Now he snapped his gaze to hers. “You weren’t there. You don’t know. So on top of me not liking storms and all that, I also have to deal with the fact that I was so fat people couldn’t lift me out of danger.”
“And that’s why you were so determined to be fit,” she said, her voice soft, like she was talking to herself.
“And strong. I’m the rescuer now, not the rescuee.”
“Javi.”
She said his name, softly, again, but a different inflection. Her gaze was soft, not pitying as he might have expected, but genuine and caring. She was still holding onto his arm, and he looked down at her small hand.
“I didn’t tell you the story to make you feel sorry for me, just so you’d know the truth.”
“I know the truth,” she said, but he didn’t think she was talking about the bus accident any longer. “And you have shown me who you are more just with this conversation than if I’d known you as long as your friends have.”
He hadn’t meant to do that. He had a façade he liked to keep up for his friends. For anyone he knew. He must have really been tired to reveal so much to Esperanza now. But the way she was looking at him, she wasn’t judging him for being weak. She was…understanding. And that felt…man, that felt…
He took a step closer to her, because that was where he needed to be, and he scooped his hand under those crazy curls because he needed to touch her, and he looked into those soft brown eyes framed with thick lashes, and watched her lips curve into a smile.
“I’m going to kiss you now,” he said, at once happy to seize the moment and trying not to remember that she would be leaving Broken Wheel soon. Somebody with whom he had such a connection—how could he let her go without kissing her?
How could he let her go?
CHAPTER14
Espy’s heart thundered as Javi’s head descended, those full soft lips brushing over hers. As he nudged her lips apart, she let her eyes drift shut and gave herself to the kiss, sliding her hands up over his arms—those strong arms—to his broad shoulders. She had to stretch to stroke the skin at the back of his neck, the short hair there tickling her fingertips, sending tingles down her arms as his thumb rubbed back and forth just beneath her ear.
She was pretty sure tomorrow the Laughtons would be looking for her and someone would point to a puddle on the sidewalk and say, “There she is.”
Nope, she was not thinking about her clients, nope.
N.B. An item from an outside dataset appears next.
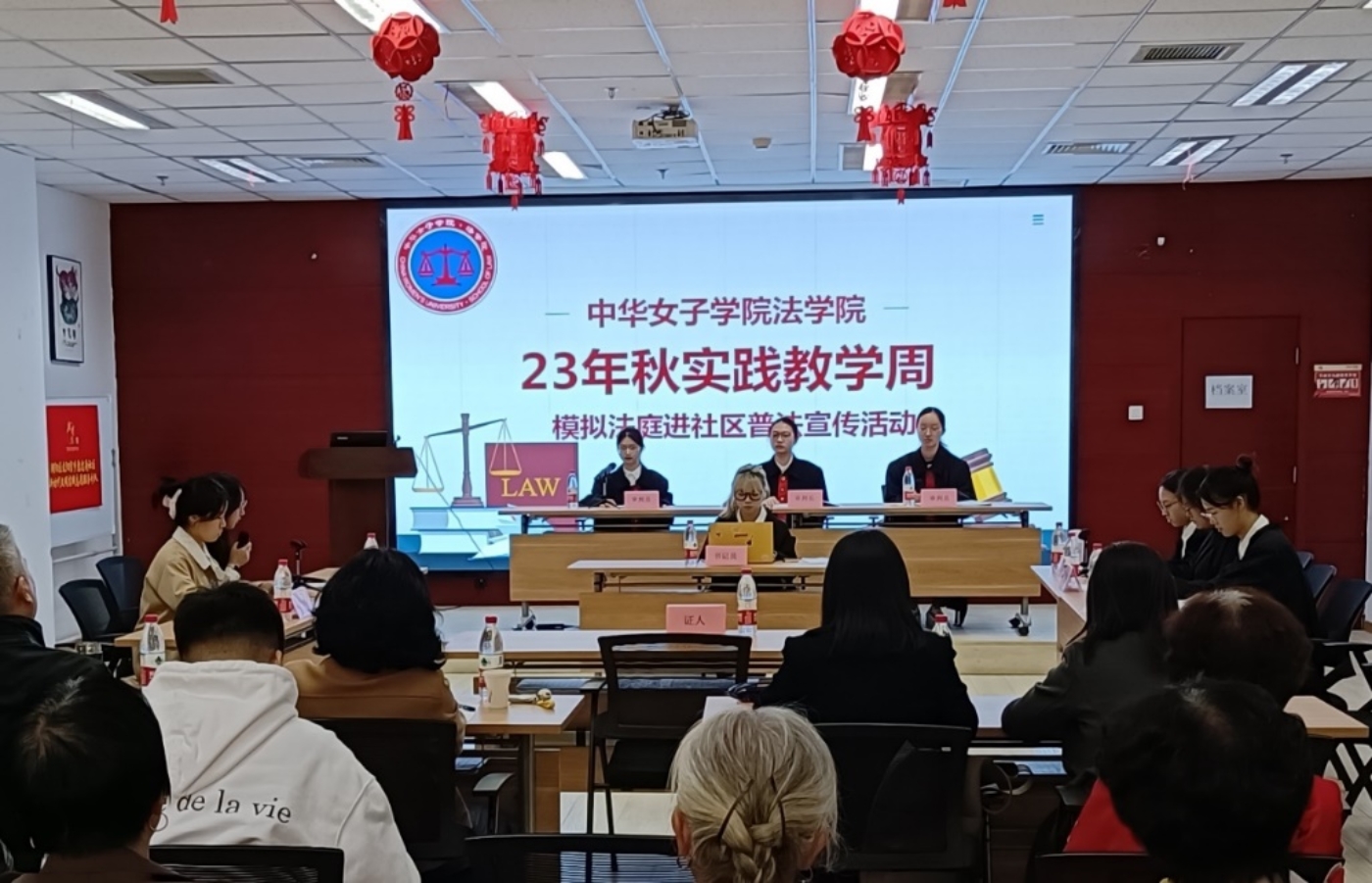 11月3日上午,法学院走进太阳宫惠忠庵社区,举办了一场别开生面的秋季实践教学周普法活动,在生动传播法律知识的同时,推动和谐社区建设。本次普法活动由太阳宫地区办事处,中华女子学院法学院、北京市泽元律师事务所共同举办,分为普法海报设计比赛和模拟法庭两部分。走进社区前,法学院举办了普法海报设计大赛,学生们围绕漏水纠纷这一主题,设计出了数十幅具有创意的法治宣传教育海报。模拟法庭环节中,法学院的学生们模拟审理了一起源于现实的漏水纠纷案件,充分展示了庭审活动的严肃性和权威性,还原了法庭程序,让社区居民们对法律程序有了更直观的了解。通过本次社区普法活动,学生们得以将理论知识应用于实际场景,也提高了学生解决实际问题的能力。

She was thinking about herself and this kiss, and how she wanted it to go on forever even though anyone passing by could see them.
He was the one who broke the kiss, though, lifting his head just a fraction of an inch, his thumb still stroking beneath her earlobe and making her eyes roll back in her head.
“Wow,” he said.
“Um, yes,” she said because as much as she liked to talk, words escaped her completely right now.
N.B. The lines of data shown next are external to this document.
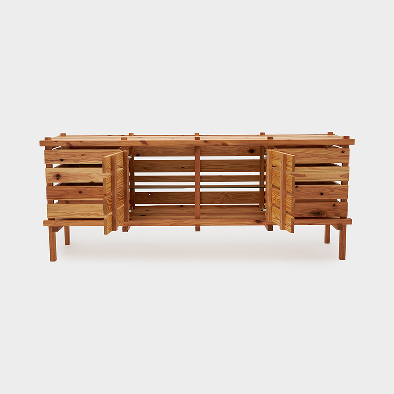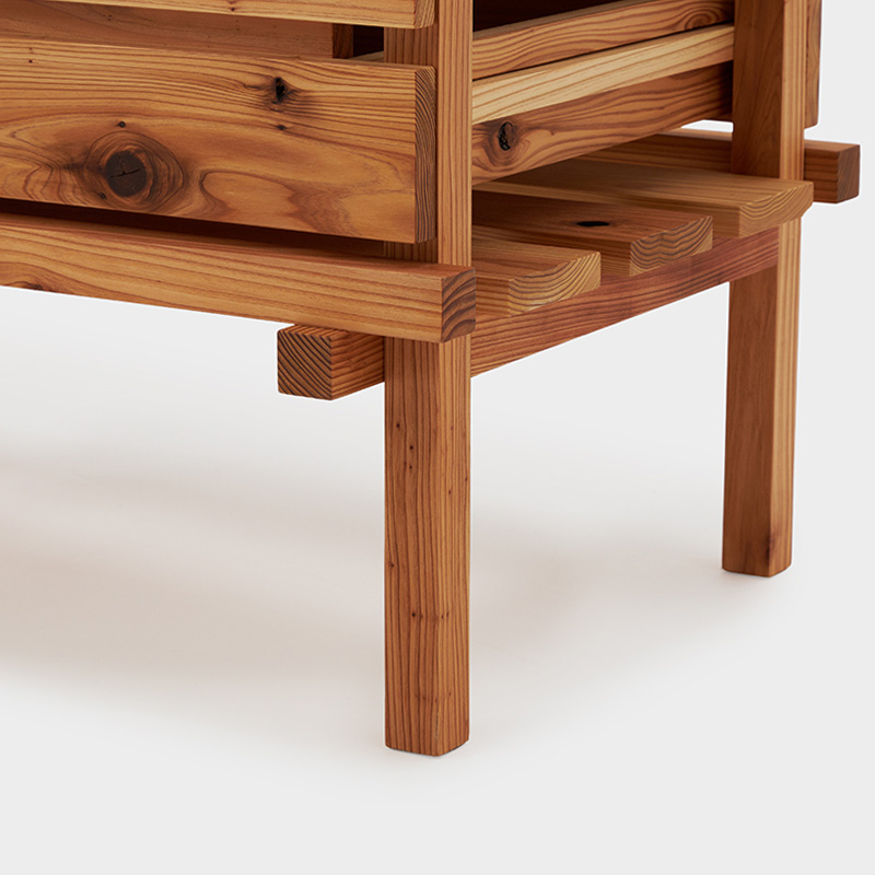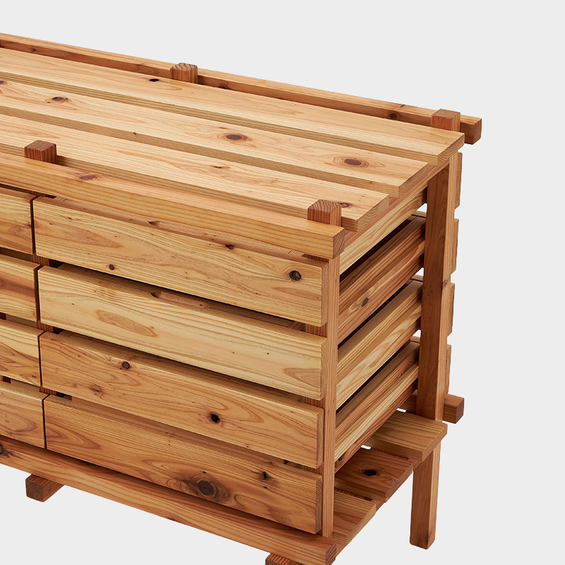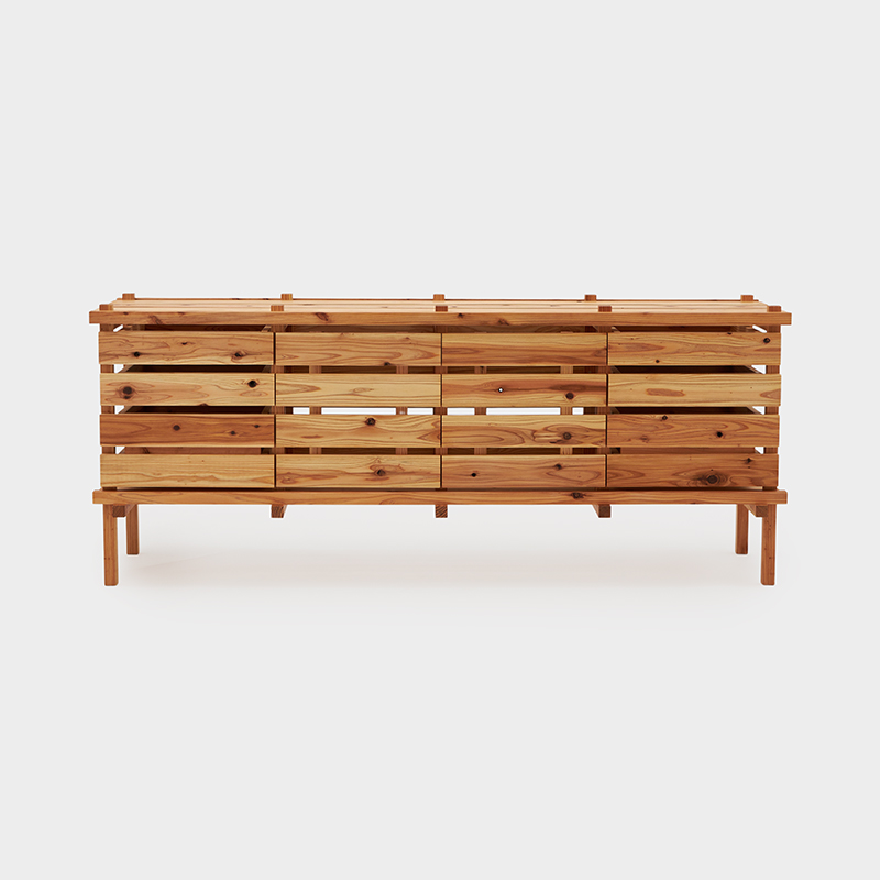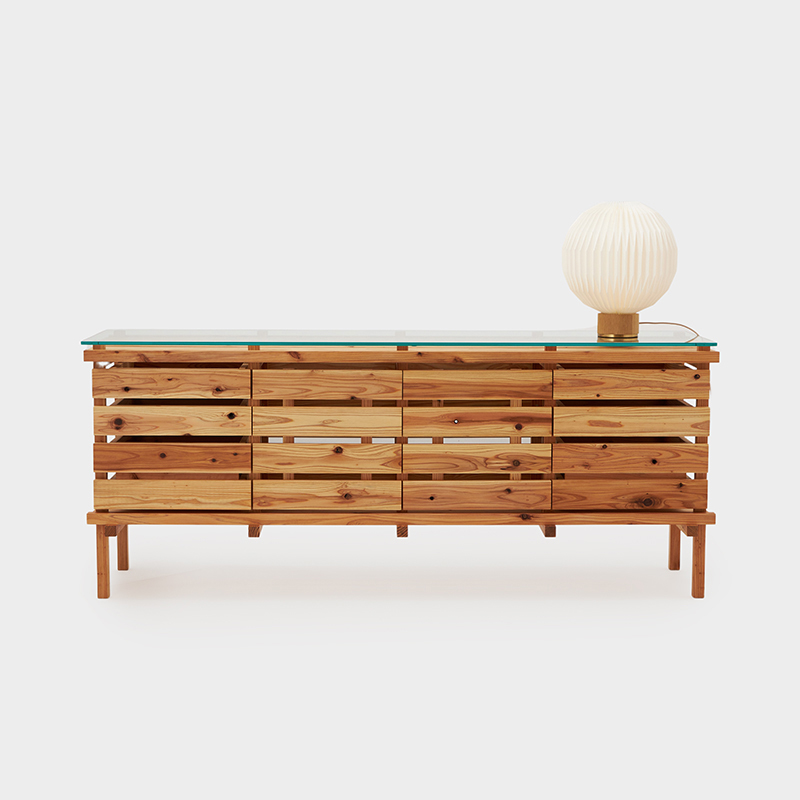 本シリーズのデザインを手がけたのは、長野県軽井沢を拠点に活動するデザイナー 須長 檀(すなが だん)氏。素材には国産の杉材を採用し、特に需要の低下によって放置が問題となっている森林資源を有効活用。製品はすべて国内で製造されています。
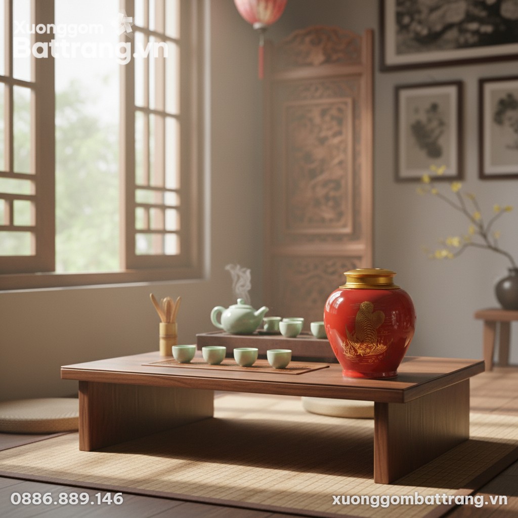 Hũ Trà Kim Long men đỏ được đặt trang trọng trong không gian phòng khách gia đình
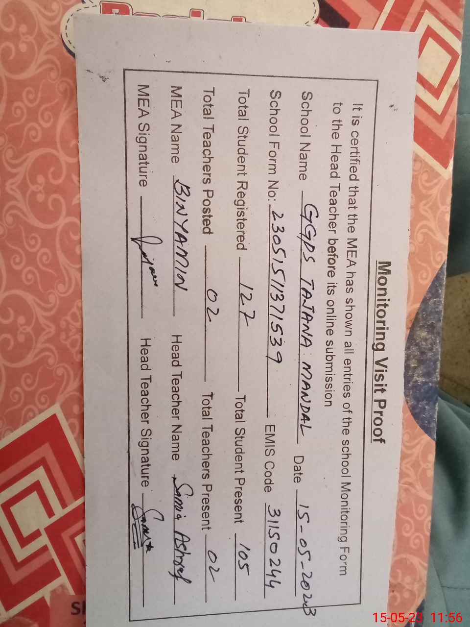 | EMIS Code: 31150244 | Name of School: GGPS TAJANA MANDAL | |||

He must have noticed, because he grinned and straightened, then took her hand and led her toward The Wheel House, that magical thumb still doing crazy circles on the back of her hand.
She may have whimpered, because he smiled down at her.
“I’m not even all that hungry anymore.”
She shook her head, because she was full of popcorn, so she wasn’t either, but they weren’t kids who could just find a spot and make out.
Heck, she hadn’t done that when shewasa kid. She hadn’t grown up in a small town like this, but she had lived in the same house for all her life, well, until she and Angelica had enough money to go out on their own, and she knew all the same people from the time she was little, and they just….stopped seeing her. So she understood Javi more than he thought she did.
Why did he have to live so far away? And she knew he was committed to staying here because of his mom. Besides, expecting a man she’d known a matter of days to uproot himself from the place he’d lived all his life to follow her was ridiculous.
But.
She was only married to Oklahoma two months out of the year, during storm season. She never went back to the same job she quit in March, always starting something new, wondering if she’d ever learn to love anything as much as storm chasing.
Because of that, she had a little experience in a lot of areas. She’d worked in a wine tasting room, been a barista, worked at a nursery—the plant kind, not the kid kind—But what could she do here? All the places she’d been had been run by the owners of the business, and if they had employees, they were teenagers. Where did people work in this town? She would not make a good cop.
So what could she do? Work remotely, maybe, but doing what? She didn’t have enough experience in any one area to know what she might be good at.
They walked into The Wheel House, and Hailey’s gaze dropped immediately to their joined hands. Her eyebrows went up, and when she met Espy’s gaze, a corner of her mouth hitched up. Espy felt her face heat. She couldn’t remember the last time she blushed.
She couldn’t remember the last time she’d held hands with a guy, had any type of PDA at all. Javi didn’t seem to feel self conscious as he stepped up to the counter.